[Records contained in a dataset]
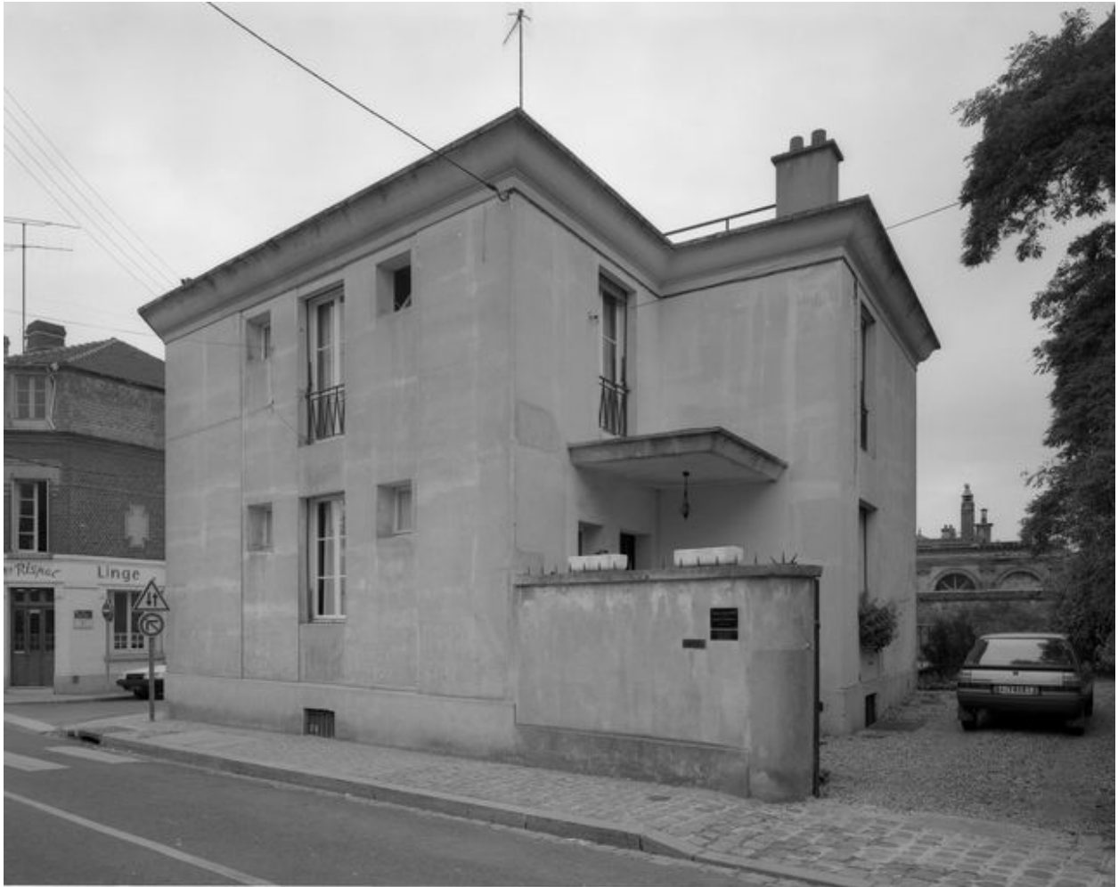
Elévation sur rue.
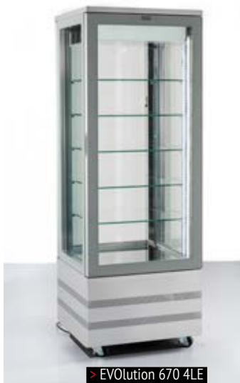
> EVolution 670 4LE
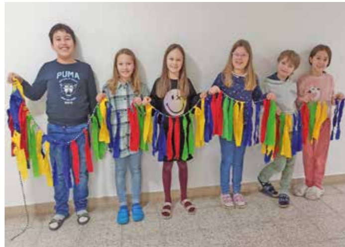
Bunte Girlanden für den Rathaussturm. Die Schülerinnen und Schüler der Lindenschule hatten viel Spaß bei den Vorbereitungen.

Vielen Dank an das Organisationsteam des Rathauses und der Narrenzunft für die tolle Idee und die Planung! Die Schulkinder freuen sich auf den besonderen letzten Schultag vor den Faschingsferien. ■
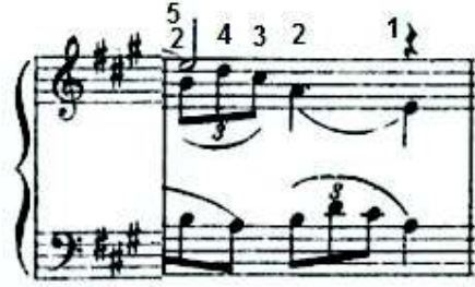
شكل رقم (٦) يوضح المقابلة الثلاثية مع الثنائية

متطلبات الأداء: يتطلب أداء هذه المقابلة التدريب عليها جيدا وادراك الناتج السمعي الناتج عنها

**Work instruction:** No lines before the one containing "شكل رقم (٦)" belong in the answer; write out that line and each one after it exactly, through the end of the records.

**Response area:**
شكل رقم (٦) يوضح المقابلة الثلاثية مع الثنائية

متطلبات الأداء: يتطلب أداء هذه المقابلة التدريب عليها جيدا وادراك الناتج السمعي الناتج عنها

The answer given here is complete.